Avoiding the pitfalls of credit cards Balance transfers

As most of us struggle to pay the high interest debt, 0% or low rate balance transfers are coming to the rescue. Or are they? Balance transfers can be very useful, as long as you are aware of some of their flaws. Here’s our list of the top 7 things you need to know when contemplating an equilibrium transfer.
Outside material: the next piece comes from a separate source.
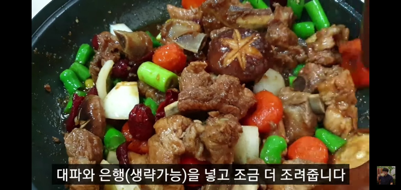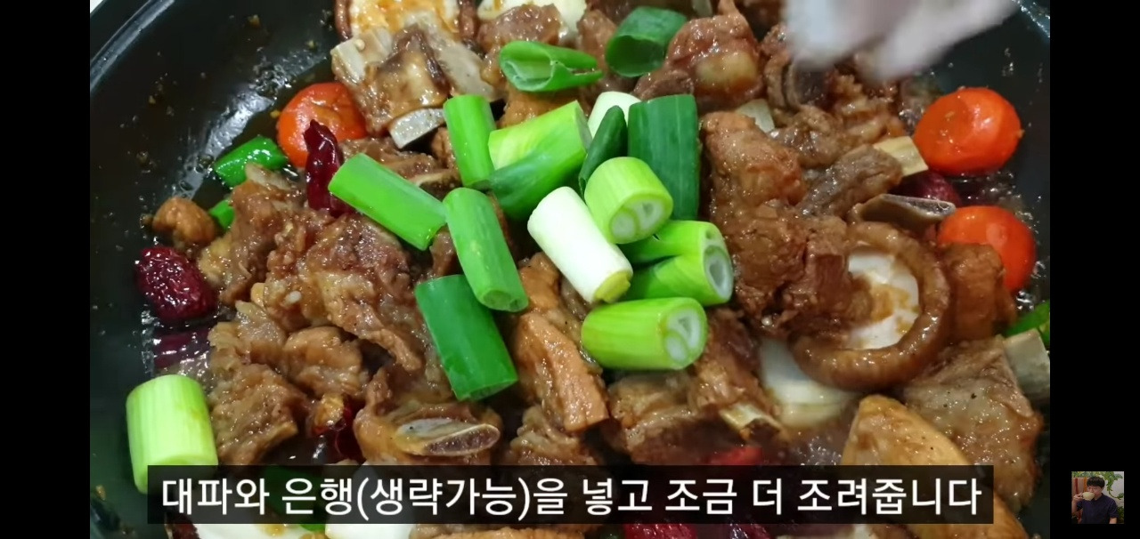 이제 불을 중불로 낮추고 돼지갈비찜에 양념이 잘 배도록 뒤적여 주세요. 국물이 거의 다 졸아들면 대파를 넣고 조려주면 됩니다. 이렇게 하면 오늘의 돼지갈비찜 맛있게 만드는 법이 완성됩니다!

always make payments on time
It ‘very important to make payments on time transfer. These types of accounts typically make payments to induce a condition and if you miss or lose they could be heavily penalised.
t_1 know when the period of low rate balance transfer deals ends
most have low or no induction period rate that is usually three, six, nine or twelve months. In order to maximize the transfer is necessary to know when this introductory rate ends. Record the date and work to get most of your credit card debt paid from this time.
t_1 Read the fine print
As with any banking product, be sure to read the fine print of the card. If you are not sure of all the conditions, talk with a customer service representative before apply.
t_1 not use the card for cash advances

google_ad_channel = “7940249670”, + + AB_cat_channel AB_unit_channel; google_language = “en”; google_ad_region = ‘test’;

Find more info at the credit card comparison website; Credit Card Researcher, inlcuding balance transfers and business credit cards. Australia’s best credit card comparison website.